Seharusnya, pendidikan membentuk calon-calon ibu yang siap memikul beban dan tanggung jawab besar. Akan tetapi, calon-calon ibu ini dirusak dengan pola pendidikan sekuler. Sehingga mereka tidak paham menjadi ibu pembangun peradaban yang akan melahirkan generasi penerus yang berkualitas. Di sisi lain, banyaknya kaum ibu yang mengalami gangguan kesehatan mental dipicu oleh sistem kapitalisme yang berkuasa saat ini. Mengatasi baby blues juga diperlukan sistem ekonomi yang menyejahterakan. Bagaimana ibu mau sehat mentalnya jika untuk memenuhi kebutuhan sehari-hari saja begitu sulit? Bagaimana pula ibu bisa tidak terbebani jika sistem kapitalisme mempersulit para ayah mencari nafkah memenuhi kebutuhan keluarganya? Faktanya banyak kasus ibu tega membunuh anaknya dipicu oleh beratnya kehidupan ekonomi yang mereka jalani.   

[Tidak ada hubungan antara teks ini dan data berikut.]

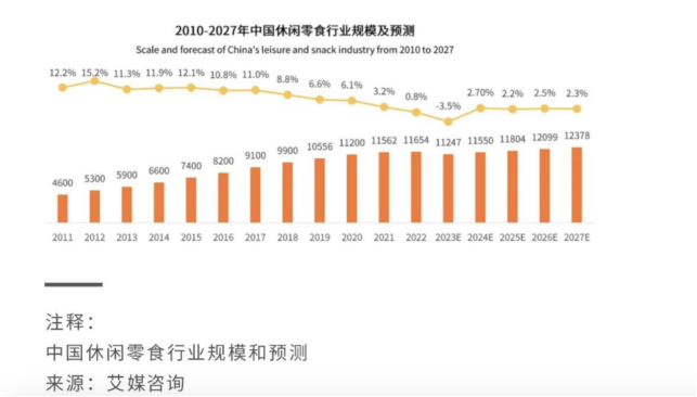 艾媒咨詢發(fā)布的《2023-2024年中國休閑食品產(chǎn)業(yè)現(xiàn)狀及消費行為數(shù)據(jù)研究報告》顯示,從2012年到2022年,中國休閑食品行業(yè)市場規(guī)模從5300億元增長至11654億元,預(yù)計2027年達到12378億元。

Kondisi baby blues syndrome sebenarnya dapat dicegah sejak dini, yaitu dengan menyiapkan sistem pendidikan dalam hal ini negara sebagai pembuat kebijakan. Kurikulum pendidikan Islam komprehensif dan sesuai dengan fitrah manusia sehingga mampu menyiapkan setiap individu mengemban peran mulia sebagai orang tua, termasuk menjadikan orang tua sebagai madrasah pertama bagi anak-anaknya. Islam dalam menyiapkan generasi sebagai calon orang tua masa depan yang tangguh melalui beberapa tahapan. Pertama menerapakan kurikulum berbasis akidah Islam. Dimana kurikulum ini dapat membentuk kepribadian Islam pada setiap individu sehingga pandangan dunia dan akhirat akan jelas berbeda.     

Kedua, dukungan sistem ekonomi Islam yang menyejahterakan. Negara wajib menjamin kesejahteraan setiap individu dan menjamin kebutuhan pokok secara optimal.  Negara juga harus menjamin pendidikan dan kesehatan yang dapat diakses secara gratis. Negara juga haruslah mengontrol setiap tayangan media yang dapat menyebabkan rusaknya generasi.  

Ketiga, supporting system berupa lingkungan sosial masyarakat yang islami. Negara menciptakan kehidupan masyarakat yang bersih dari kemaksiatan sehingga terwujud masyarakat yang terbiasa beramar makruf nahi mungkar, serta saling menolong dan menyayangi antarsesama.

Syariat Islam akan tampak jika diterapkan secara kaffah. Selama 13 abad sudah Islam memimpin peradaban dunia, telah banyak melahirkan tokoh-tokoh perempuan sebagai ibu tangguh, cerdas, dan mencetak generasi saleh/salihah. Apakah kita mau mengadopsi sistem pendidikan Islam yang sudah terbukti keberhasilannya atau mengadopsi sistem kapitalisme sekuler yang terbukti kerusakan dan kegagalannya membangun generasi?